In your copy of the data, include no pictures and alter nothing else.
-------- INFORMATION SUPPLIED --------
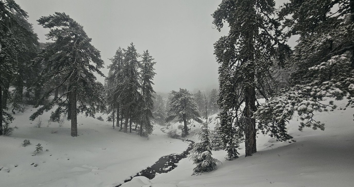 Στα λευκά ντύθηκαν ορεινές περιοχές της Κύπρου μετά τις χιονοπτώσεις των τελευταίων ωρών.
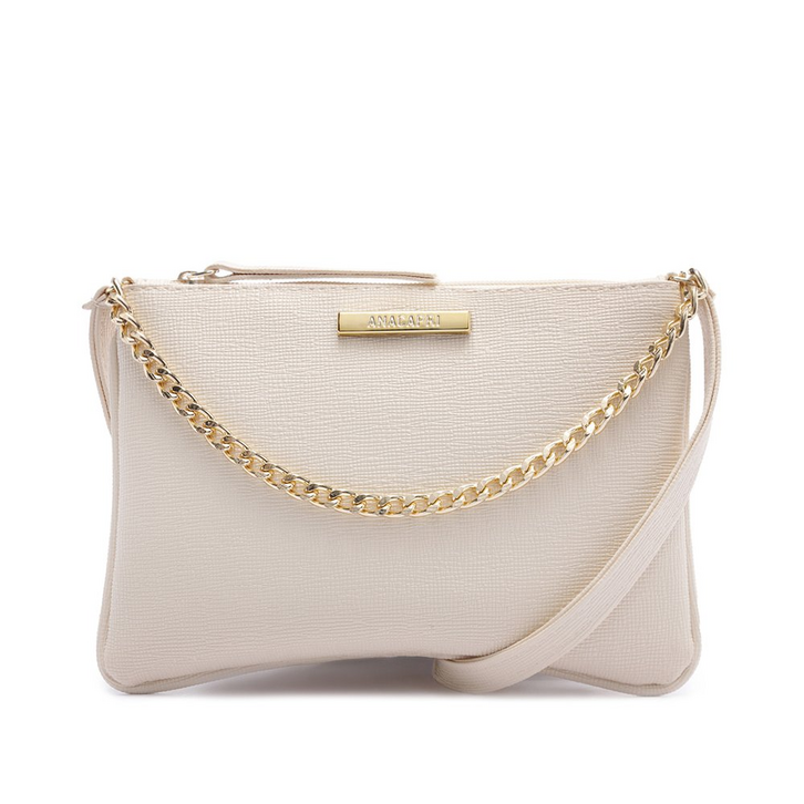 Bolsa tiracolo média, com aplicação de corrente, na cor branca. Com shape flat retangular, o modelo possui uma alça longa regulável. Feita em material similar ao couro floater com textura, apresenta fecho superior em zíper, com puxador em tira, com detalhe para alça frontal fixa, em correntaria metálica imponente. Traz aplicação de pin metálico retangular com assinatura Anacapri, centralizado na parte superior da capa frontal.
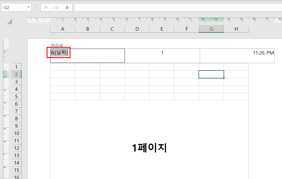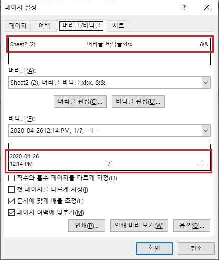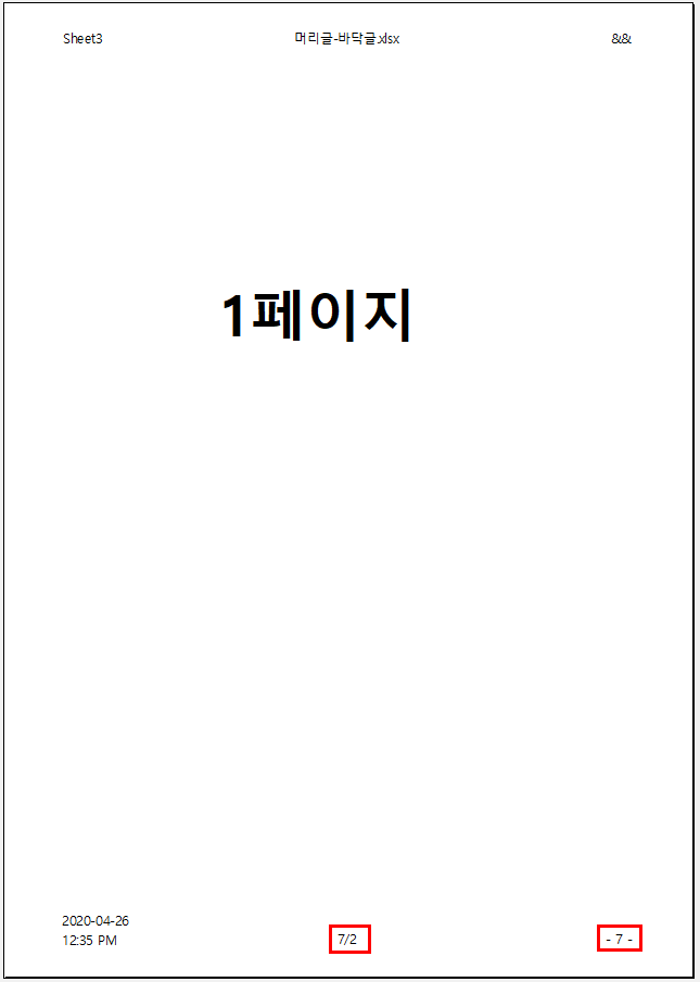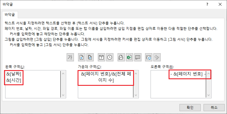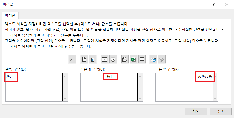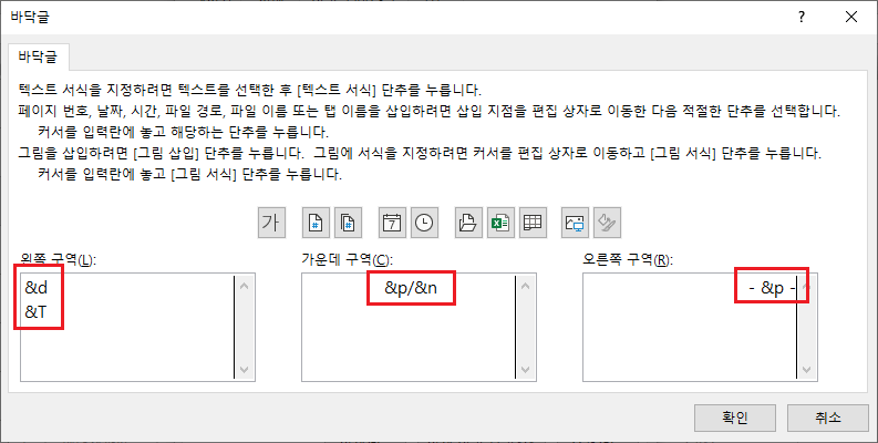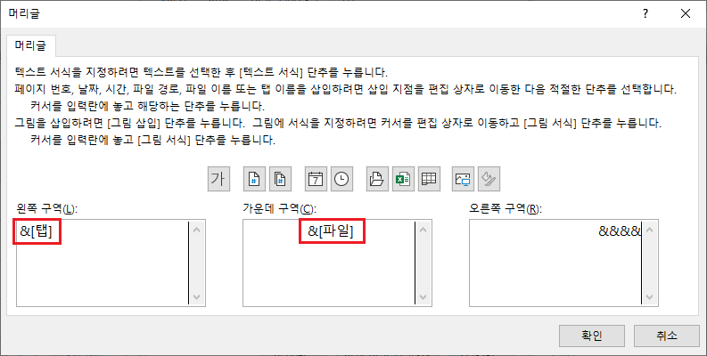 머리글/바닥글에 입력하면 표시되는 값입니다. 서식 코드로 입력해도 되고 입력 값으로 입력 해도 됩니다.
--------
**RESULT OF THE TASK:**
 Στα λευκά ντύθηκαν ορεινές περιοχές της Κύπρου μετά τις χιονοπτώσεις των τελευταίων ωρών.
 Bolsa tiracolo média, com aplicação de corrente, na cor branca. Com shape flat retangular, o modelo possui uma alça longa regulável. Feita em material similar ao couro floater com textura, apresenta fecho superior em zíper, com puxador em tira, com detalhe para alça frontal fixa, em correntaria metálica imponente. Traz aplicação de pin metálico retangular com assinatura Anacapri, centralizado na parte superior da capa frontal.
 머리글/바닥글에 입력하면 표시되는 값입니다. 서식 코드로 입력해도 되고 입력 값으로 입력 해도 됩니다.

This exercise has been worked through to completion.